→ **TASK DESCRIPTION**
Keeping pictures out, repeat the lines of the listing below exactly, starting at its first line and finishing with the one that holds "Die Maßnahmen für".

→ **INFORMATION SUPPLIED**
::::

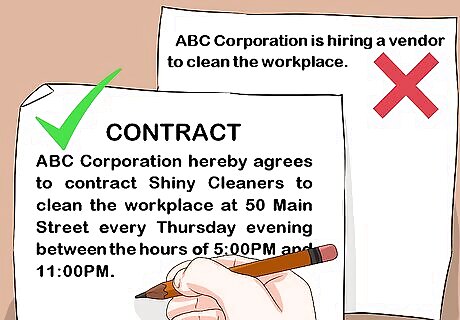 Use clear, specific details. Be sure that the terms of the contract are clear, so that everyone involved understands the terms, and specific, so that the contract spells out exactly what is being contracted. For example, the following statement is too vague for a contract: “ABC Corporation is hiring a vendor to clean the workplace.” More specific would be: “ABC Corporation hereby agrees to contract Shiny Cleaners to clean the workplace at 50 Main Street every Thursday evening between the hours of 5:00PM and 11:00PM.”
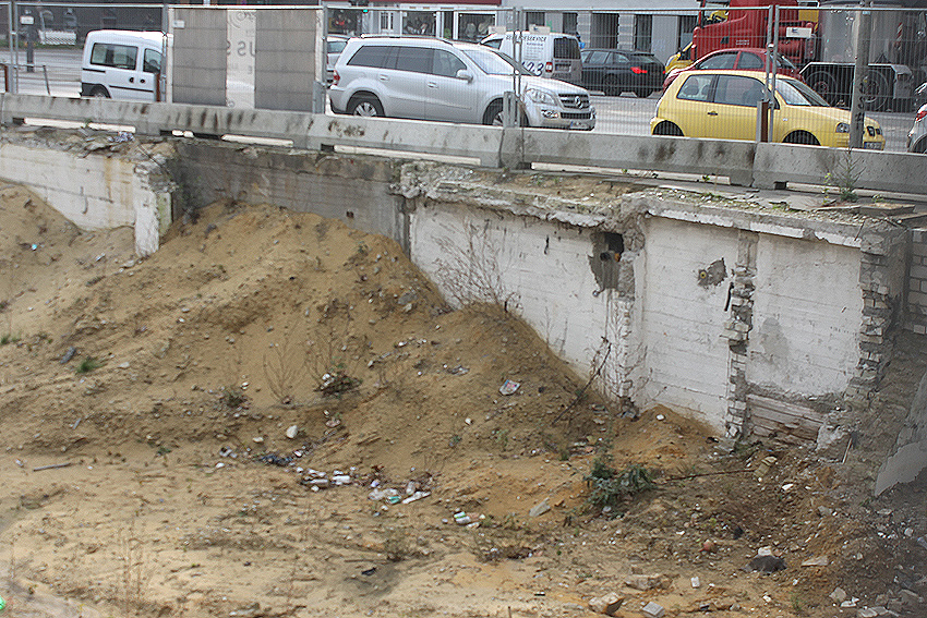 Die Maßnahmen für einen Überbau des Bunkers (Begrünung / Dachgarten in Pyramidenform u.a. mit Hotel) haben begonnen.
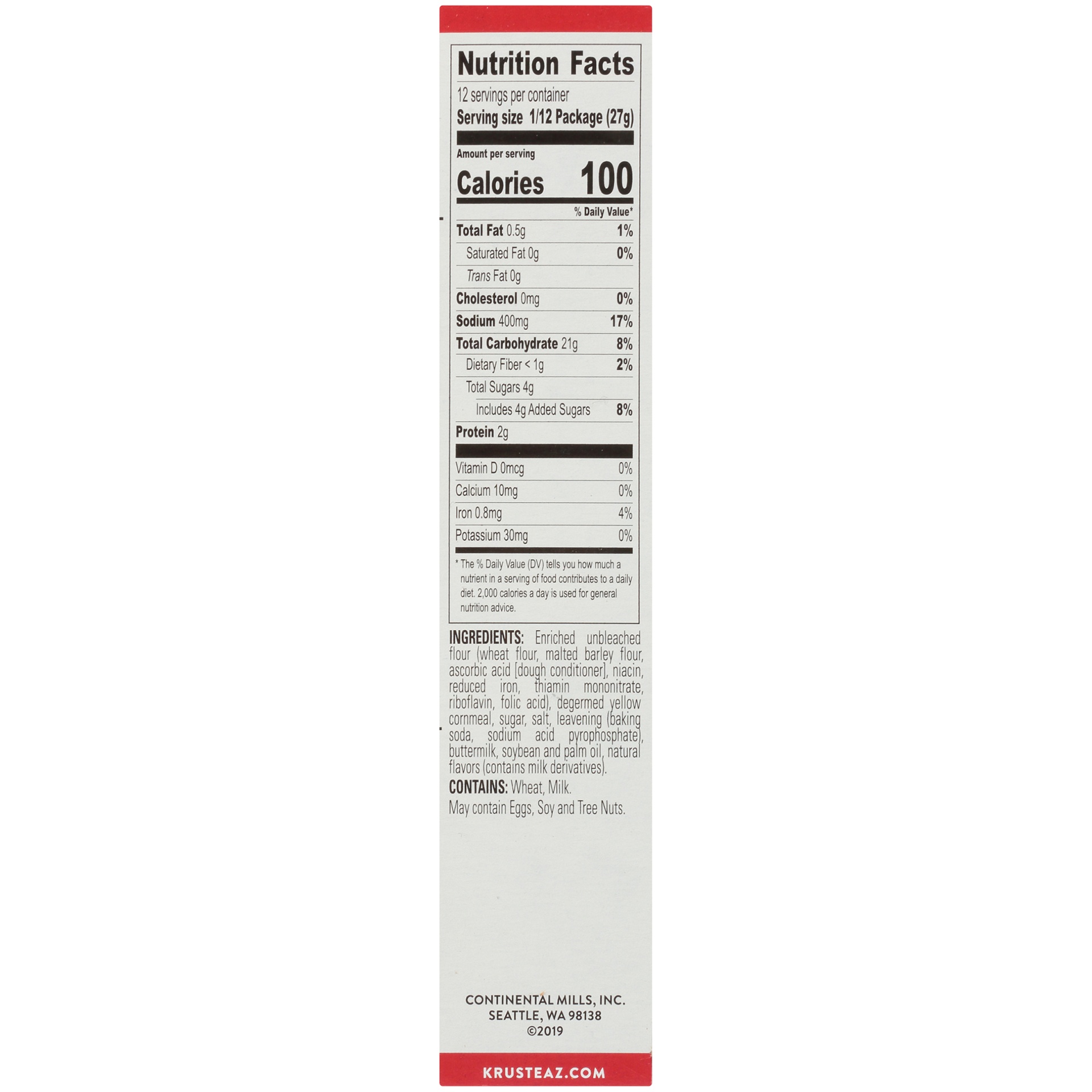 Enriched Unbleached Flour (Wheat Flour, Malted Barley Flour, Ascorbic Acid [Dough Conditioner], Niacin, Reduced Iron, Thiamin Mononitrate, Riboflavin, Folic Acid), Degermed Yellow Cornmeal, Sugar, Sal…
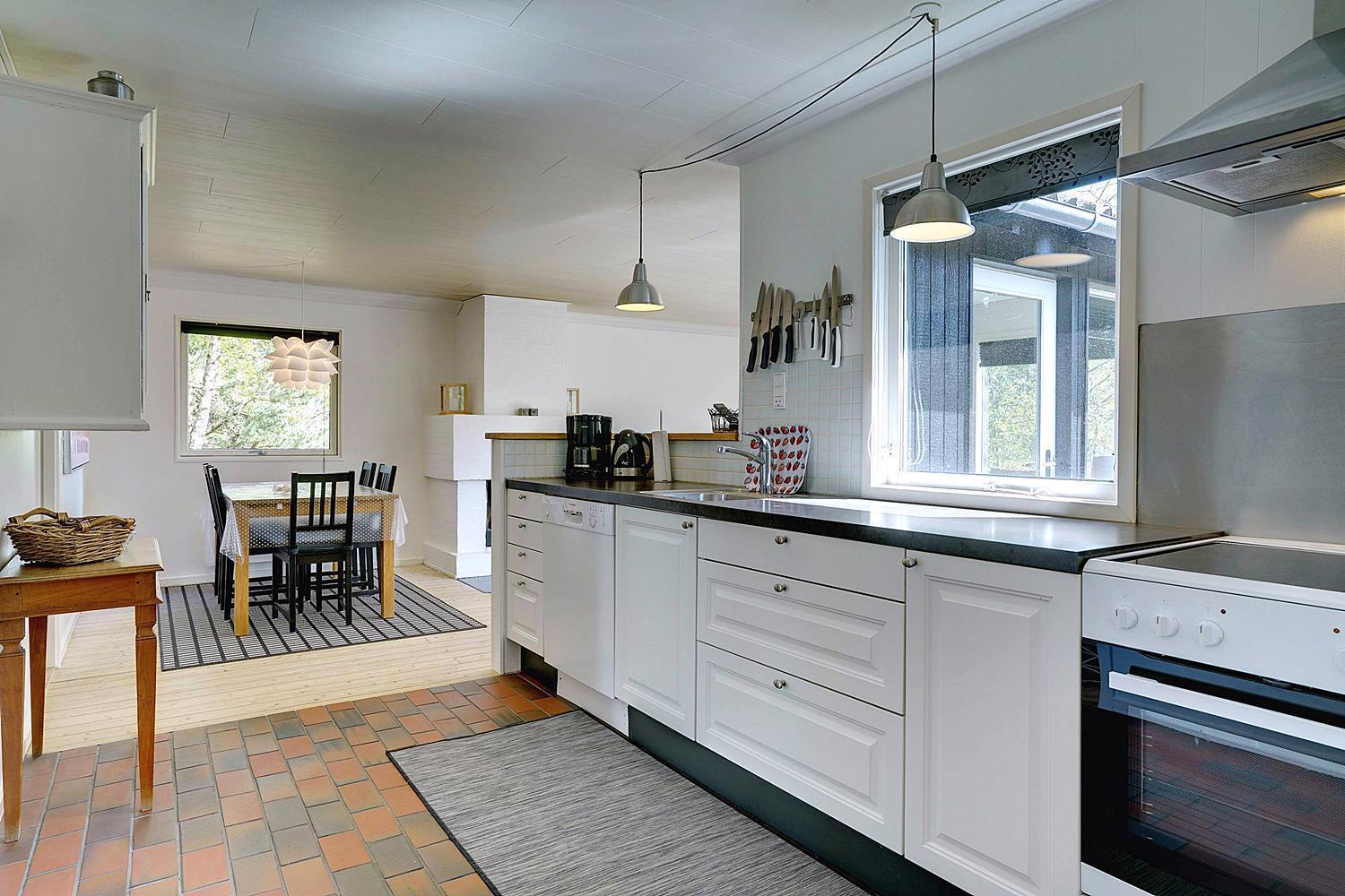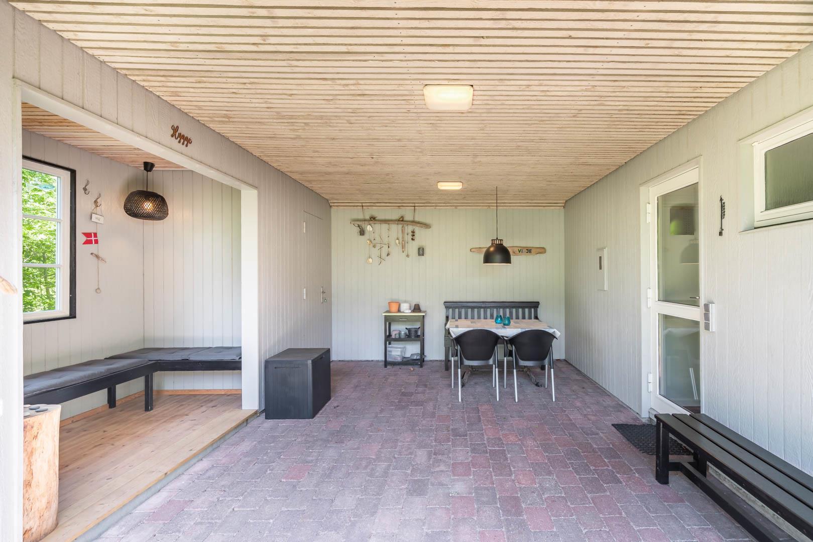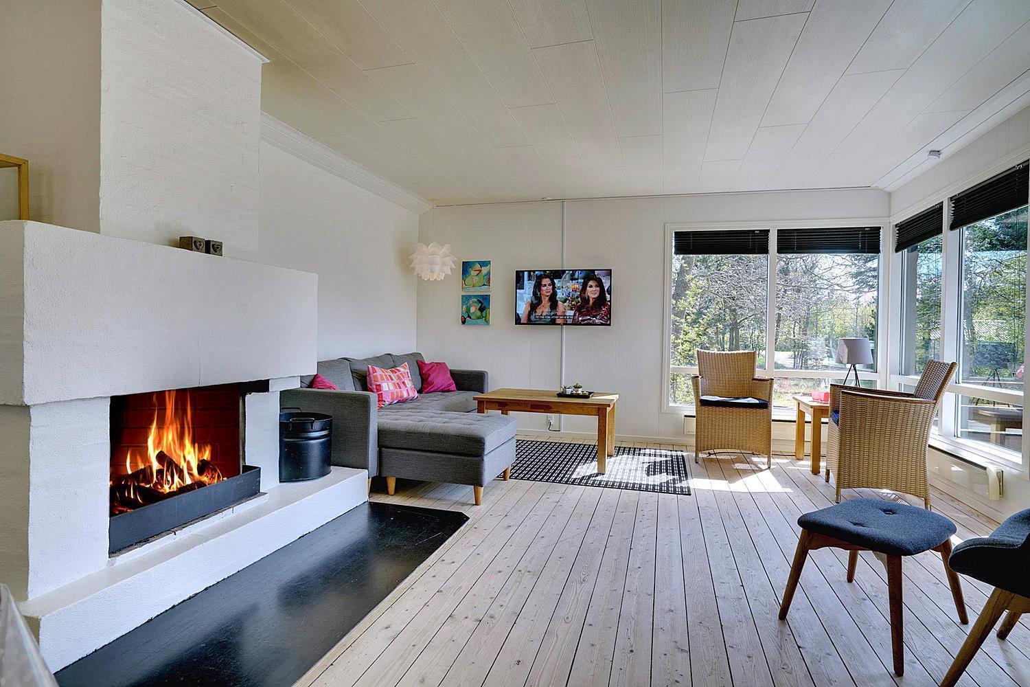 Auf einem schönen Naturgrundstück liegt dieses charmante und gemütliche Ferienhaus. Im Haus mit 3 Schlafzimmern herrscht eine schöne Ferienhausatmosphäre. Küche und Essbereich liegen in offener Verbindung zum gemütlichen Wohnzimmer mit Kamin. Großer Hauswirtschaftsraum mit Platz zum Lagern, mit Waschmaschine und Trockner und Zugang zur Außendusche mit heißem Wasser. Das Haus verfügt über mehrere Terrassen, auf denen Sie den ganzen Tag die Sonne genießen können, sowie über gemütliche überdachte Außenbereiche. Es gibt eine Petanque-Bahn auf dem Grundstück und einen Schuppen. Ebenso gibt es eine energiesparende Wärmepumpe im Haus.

::::

→ **WRITTEN REPLY**
 Use clear, specific details. Be sure that the terms of the contract are clear, so that everyone involved understands the terms, and specific, so that the contract spells out exactly what is being contracted. For example, the following statement is too vague for a contract: “ABC Corporation is hiring a vendor to clean the workplace.” More specific would be: “ABC Corporation hereby agrees to contract Shiny Cleaners to clean the workplace at 50 Main Street every Thursday evening between the hours of 5:00PM and 11:00PM.”
 Die Maßnahmen für einen Überbau des Bunkers (Begrünung / Dachgarten in Pyramidenform u.a. mit Hotel) haben begonnen.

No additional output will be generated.